Tag Archives: alexander technique

Heavy Arms

Each of your arms weighs about 8-10lbs (roughly 3.5-4.5Kg).
That’s heavy… though we don’t really notice it because either the arms are hanging down beside you, or, if we do come to lift them, we use so many extra and unnecessary muscles to do the job (known as ‘recruiting’ in the Alexander Technique) that their weight is spread across the shoulders and neck.

Where’s the qi?
The result of this is that the qi is held in the upper body which means that
     • our balance compromised,
     • our breathing tends to be higher,
     • our ability to relax is diminished,
     • the flexibility of our necks and is reduced,
     • we’re more inclined to get headaches,
     • the rotational potential of our waist becomes less,
     • the range of movement in both shoulders and arms is massively impacted.

It’s all about the shoulders really.
The idea is to lift up your arms, forwards or sideways, and attempt to experience the weight of your arms. What this actually means is that, in order to get that feeling, you can only use the essential muscles. This will also mean that you will need to disengage the shoulders from the task; they aren’t necessary.

Weighing a fish.
The muscles that you use to do this should feel as though they are weighing a fish with one of those spring-loaded hanging scales (I guess that could be your hand luggage also, but the fish is a bit more interesting!).  You have to give the arms to gravity, letting go of the muscles so that they gently stretch. If you’re not used to this, it can make them ache as they undo, but it doesn’t last.

Now just do it for the rest of your life!
That’s how to use your arms in tai chi and qigong, but the concept should also be applied to every activity, whether cooking, reading a book, or driving your car, etc., in fact every time you start to raise your arms from the vertical hanging position.

Details of Tai chi and Qigong classes with James Drewe here.

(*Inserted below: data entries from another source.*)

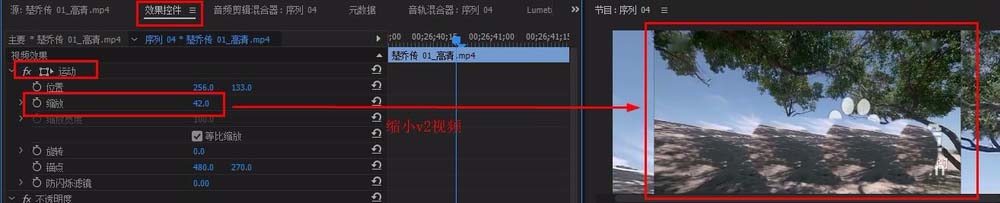 4、选中v2视频,在“效果控件”面板找到“运动”-“缩放”,将视频缩小的合适位置(如图)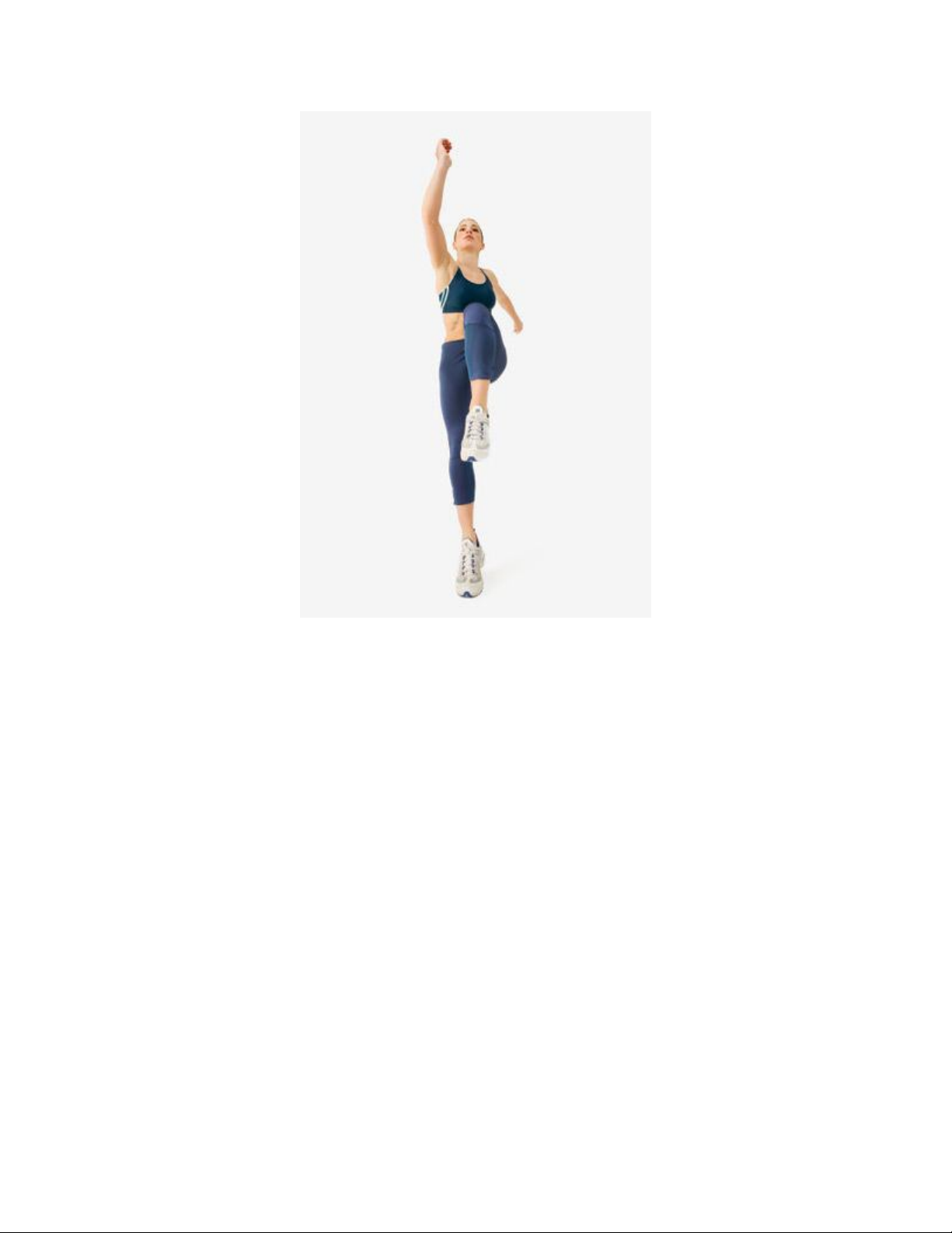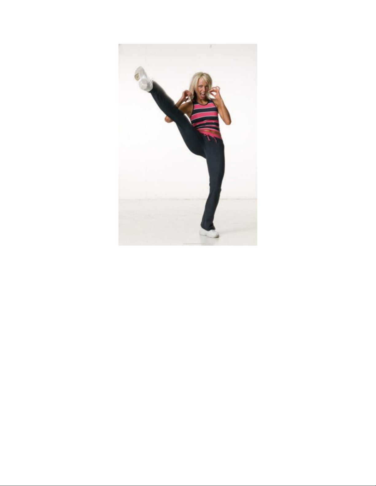 Hai tay để như hình, tư thế chuẩn bị trên một chân, chân còn lại đá cao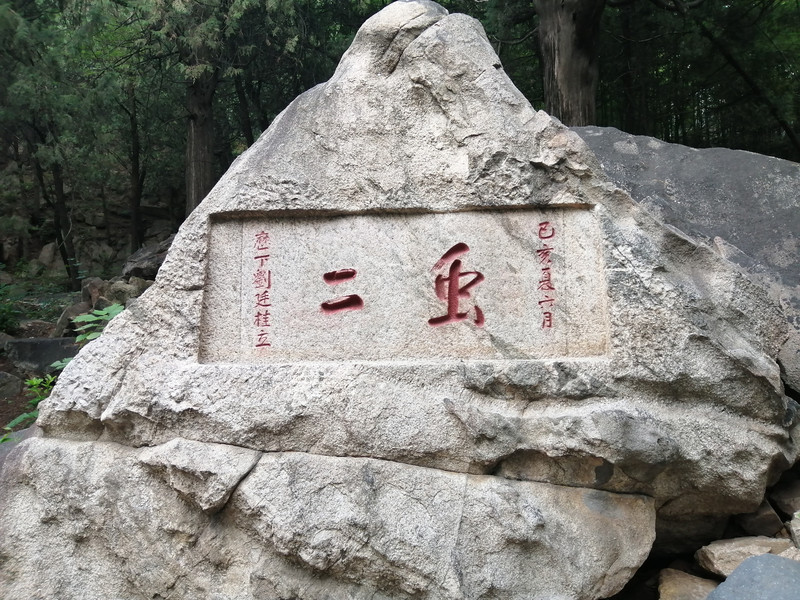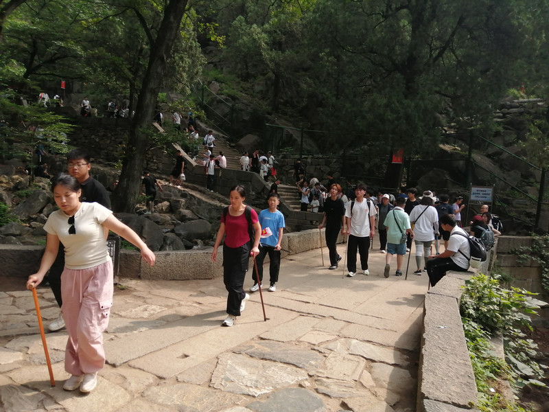 开始下半程了。吃过了午饭,到了半山腰天气也比山下凉快了不少,此时的我和大老爷像似打了鸡血满血复活了。我和儿子都是超级怕热的人,之前的上半程爬的可谓是步履蹒跚,气喘吁吁。一直被老婆赶着往前走。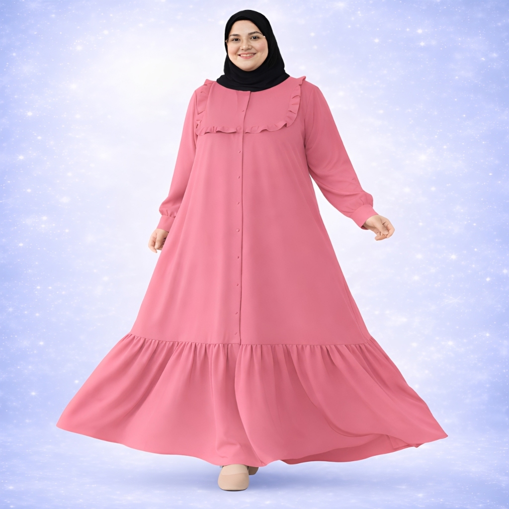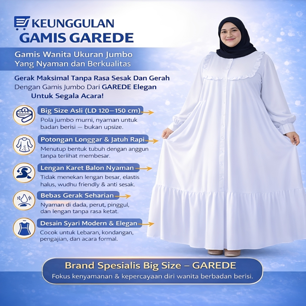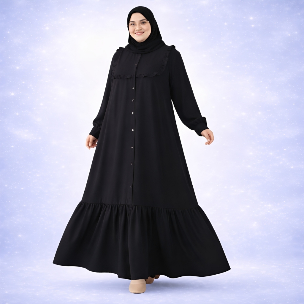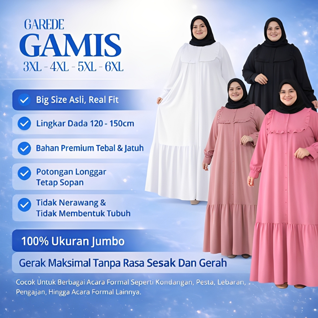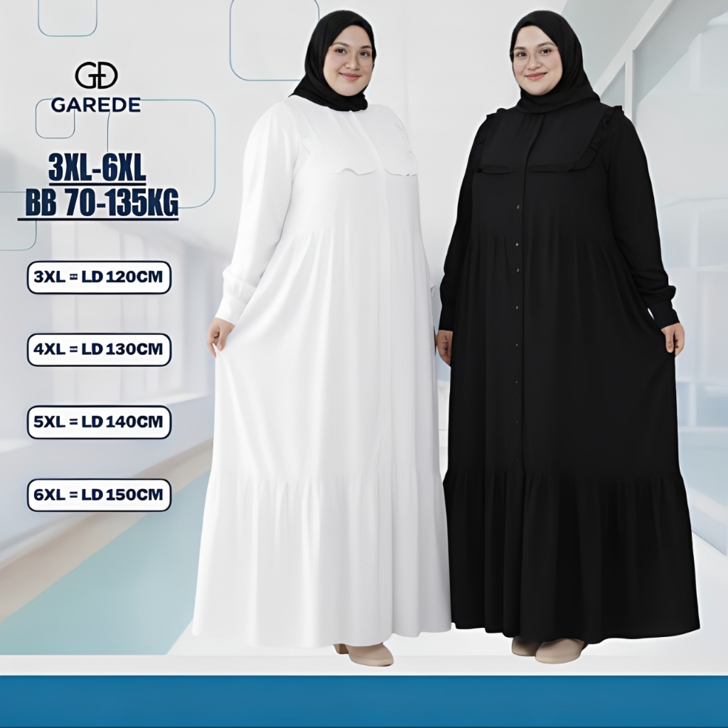 Garede - Baju Gamis Dress Lebaran Jumbo LD 120 130 140 150 Hitam Putih Polos Mewah Elegan Terbaru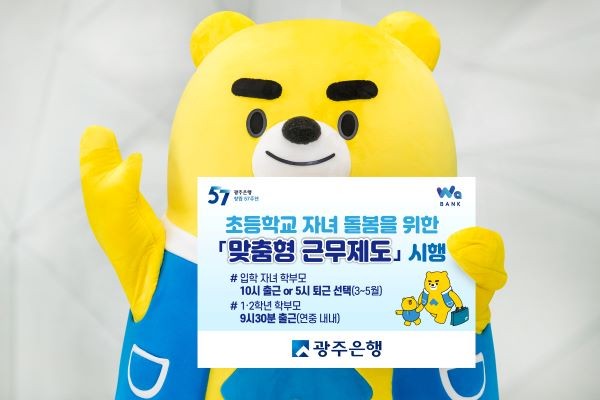 [프라임경제] 광주은행(은행장 고병일)은 직원들의 행복한 일터 조성과 일·가정 양립을 적극 지원하기 위해 초등학교 자녀 돌봄을 위한 두 가지 ‘맞춤형 근무 제도’를 시행한다고 밝혔다.

The Fly & The Bay Window, or Relaxation & Perspective

The headache.Headache
I awoke with a headache a few months ago.  Still lying in bed, I tried to relax the area where I could feel the tension stemming from.

… Partial success.

The fly.
A few days later, I noticed a fly in the room which kept on attempting to get through the middle of the three windows in the bay – which was closed.  The windows at the sides were both open, but it was repeatedly attempting to crash dive the closed one; even though a fly has virtually 360 degree vision, it seemed to have tunnel vision.

fly-angles-2Perspective.
It occurred to me that my headache was also a matter of perspective, and like the fly, I wasn’t taking the over-all view, I was focusing too specifically.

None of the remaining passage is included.